National Repository of Grey Literature 4 records found  Search took 0.01 seconds. 
The relationship of True Money Supply to the standard and alternative economic indicatators in the Czech republic
Lukáš, Matěj ; Svoboda, Miroslav (advisor) ; Šťastný, Daniel (referee)
The goal of this thesis is to test, whether the Austrian school monetary aggregate - True money supply (TMS) reaches a better mutual relationship with national income and inflation than the aggregate M2 used by the mainstream economics. The purpose of this test is the fact that according to the austrian economists TMS is supposed to be based on a coherent theoretical background, whereas M2 was created by using statistical methods. In order to reach a coherent comparison, monetary aggregates were tested not only with the standard aggregates -- GDP and CPI representing inflation, but also with the alternative aggregates coming from the theory of the Austrian school -- Gross Domestic Output and Composite Price Index. These aggregates were analyzed by the correlation, regressive and vector autoregressive analysis (VAR models). The results did not show a better relationship between TMS and the remaining macro-aggregates. However, the theoretical background of a indicator is crucial for the austrian economists, that is why this test does not prove any impropriety of the indicator but only it's worse practical utility.

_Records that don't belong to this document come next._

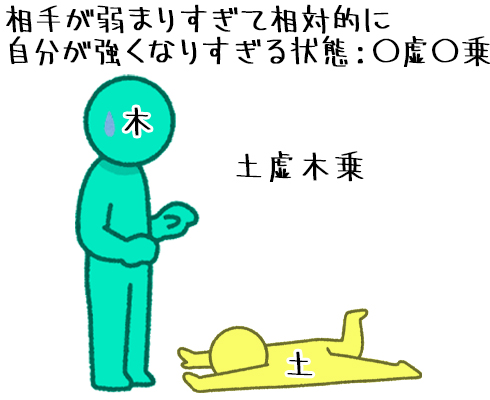 | 木虚土侮(もっきょどぶ) | 土虚水侮(どきょすいぶ) |
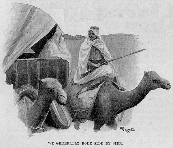 After three years among the True Believers, I had at last overcome most of the difficulties of language, and could converse with them in their own tongue. It may have been this which commended itself to pious old Ali Ben Hafiz, for throughout our journey he was particularly gracious, though he bored me sometimes with his constant objurgatory remarks regarding Infidels in general and myself in particular. Once in exuberance of spirits I so far forgot myself as to whistle a popular English air, and although we were excellent friends, he reprimanded me so severely that I am not likely to forget that among the followers of the Prophet whistling is forbidden.
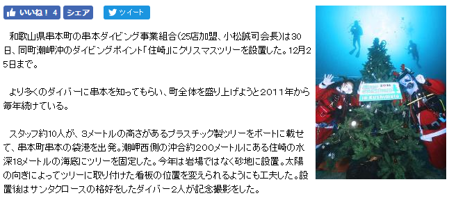 和歌山県串本町の串本ダイビング事業組合は30日、同町潮岬沖のダイビングポイント「住崎」にクリスマスツリーを設置した。12月25日まで。
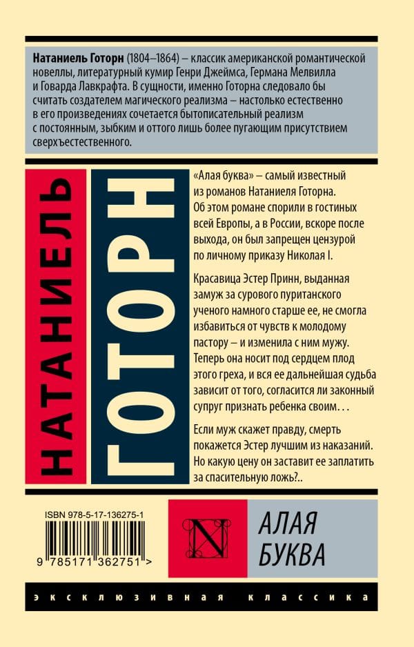 «‎Алая буква»‎ – самый известный из романов Натаниеля Готорна. Об этом романе спорили в гостиных всей Европы, а в России, вскоре после выхода, он был запрещен цензурой по личному приказу Николая I.
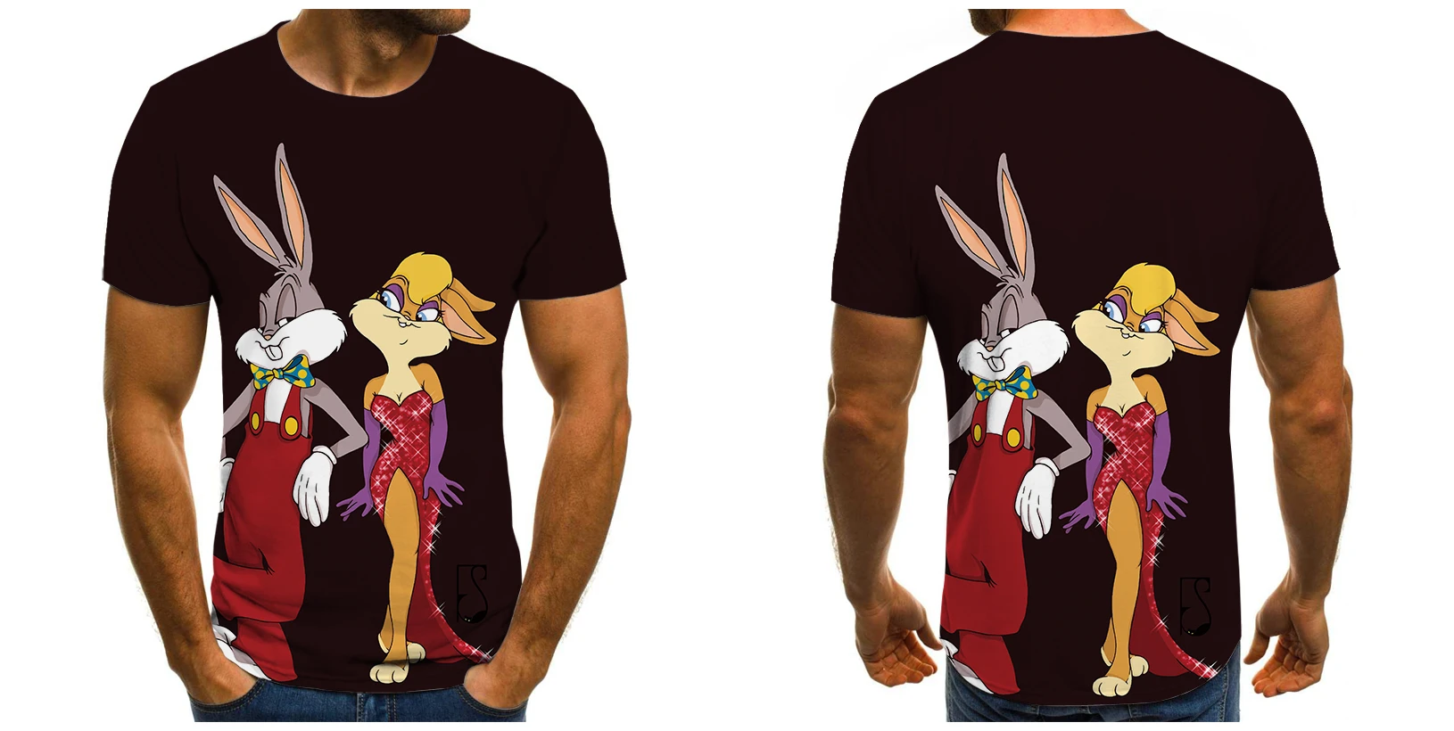 Весенне-летняя Новинка, футболка с 3D принтом аниме кролика, мужская и женская одежда с коротким рукавом и мультяшным рисунком, Топ оверсайз
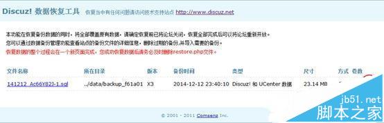 18、恢復(fù)數(shù)據(jù)前請在 Discuz! 安裝文件目錄下utility文件夾內(nèi)找到 restore.php 文件,然后將 restore.php 文件上傳到程序文件夾data目錄下。為了您站點的安全,成功恢復(fù)數(shù)據(jù)后請務(wù)必及時刪除 restore.php 文件。(我們可以重新下載一個全新的DZ然后上傳需要的文件)
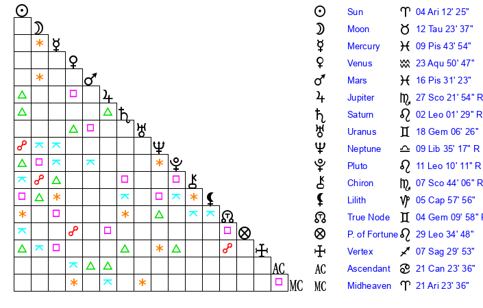 | Sun | 4 Aries 12 | 5 Aries 18 | 19 Gemini 55 |
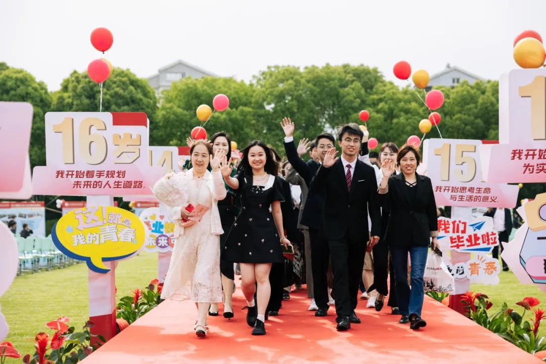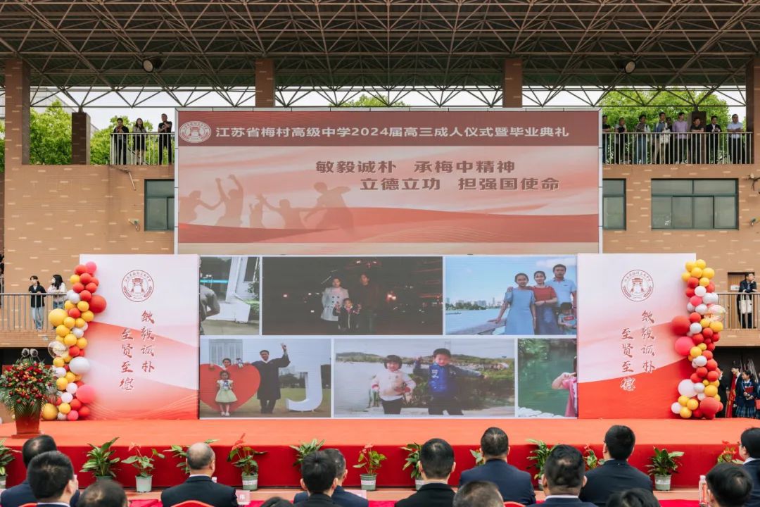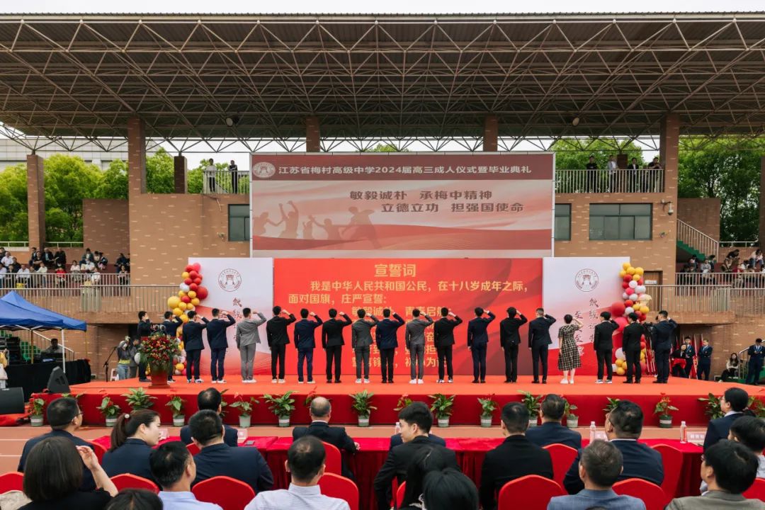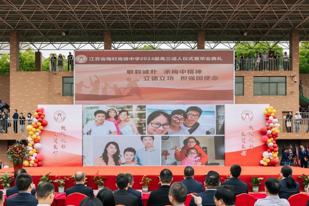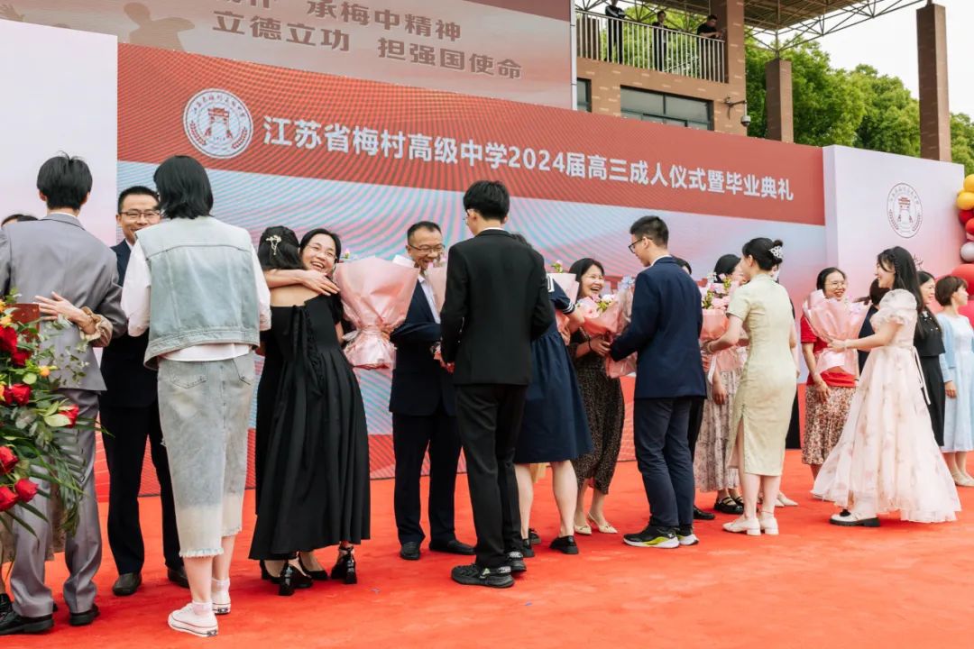 5月12日上午,江苏省梅村高级中学隆重举行2024届高三“成人仪式暨毕业典礼”。全体高三学生携父母穿过“香花桥”,走过“至贤门”,一起踏上红毯,迈入十八岁的舞台。

How True is the True Money Supply?
Vostal, Ondřej ; Svoboda, Miroslav (advisor) ; Hurník, Jaromír (referee)
The Austrian economists hold that the so called true money supply is theoreticaly superior to the classical M1, M2 and M3. Using the data from the Czech Republic I verify in my thesis whether it really could be the case. The true money supply is the sum of the amount of cash and goods (cash equivalents) which could be redeemed during a period not exceeding the horizon specified at a fixed rate known in advance in cash. In addition, most market participants have to think that the amount of cash available for the purpose of such exchange is unlimited. Several true money supplies, that differ in the horizons of the included cash equivalents, are constructed based on the Czech National Bank (ČNB) data spanning the years from 2002 to 2012. For the comparison of the true money supplies and the M an elementary model is used based on the equation of exchange. The main finding is that the indicators don't considerably differ. Thus it seems that the true money supplies and M are practically the same. For all the indicators, however, the estimates of the coefficient of the model are significantly different from the quantitative theory of money predictions. That's why the results are to be interpreted with caution.
True Money Supply
Dufek, Michal ; Písař, Pavel (advisor) ; Czesaný, Slavoj (referee)
This thesis deals with the real money supply (True Money Supply). Monetary aggregates (M1, M2, M3) used in mainstream economics is that, in many respects inaccurate and therefore unsuitable. TMS monetary aggregates are preferable aggregates M1, M2, M3, because it counted some of the cash items twice, unlike M1, M2, M3, and therefore more accurately reflects the evolution in monetary economics. The aim of this work is based on established theory of money, count the real money supply (TMS1, TMS2) and investigate its characteristics and relationship with respect to selected economic indicators, which are: the monetary aggregate M2, the consumer price index (CPI), industrial producer price index (PPI), the discount rate, two-week repo rate, index of the Prague Stock Exchange (PX), the total volume of loans. Confrontation between TMS1 and TMS2 with selected economic indicators, can lead to a more accurate understanding of the causes of changes in the economy over the economic cycle. The theoretical part is to define the concept of money, creation, development, development of the banking system; commodity mode and paper (FIAT) money. The analytical part will try to uncover hidden phenomena and causal relationships between the real money supply and the development of the economy. The work is based on the methodology of the Austrian School of Economics, whose praxeologie seems to me the most because of its clarity and consistency. Without this theory, we could not understand the question: What else is money and what is not?
The Phenomenon of Deflation - Is It Really a Negative Effect?
Braunová, Veronika ; Munzi, Tomáš (advisor) ; Potužák, Pavel (referee)
The bachelor thesis investigates two divergences of opinion on the problem of deflation and tends to the side of Austrian economic school which deals with original conception. Deflation according to them means drastic decline of money supply or volume of expenditures in the economy. By disagreement with the modern concept of deflation are displaced the most famous myths connected with deflation (for example, increase in unemployment rate). Deflation is divided in several types, whereas in negative sense can be comprehended only one of them. Next is proved the inefficiency of implementing antideflationary policy which should fight against the deflation and restore inflation in economy. On the basis of research on deflation during The Great Depression was found to be deflation only a consequence of the crisis, not causation. As the causation was determined regulation of market during the period of the presidency of Hoover and Roosevelt. In conclusion new knowledge was used for the explanation of current financial crisis from which was indicted government and central banks.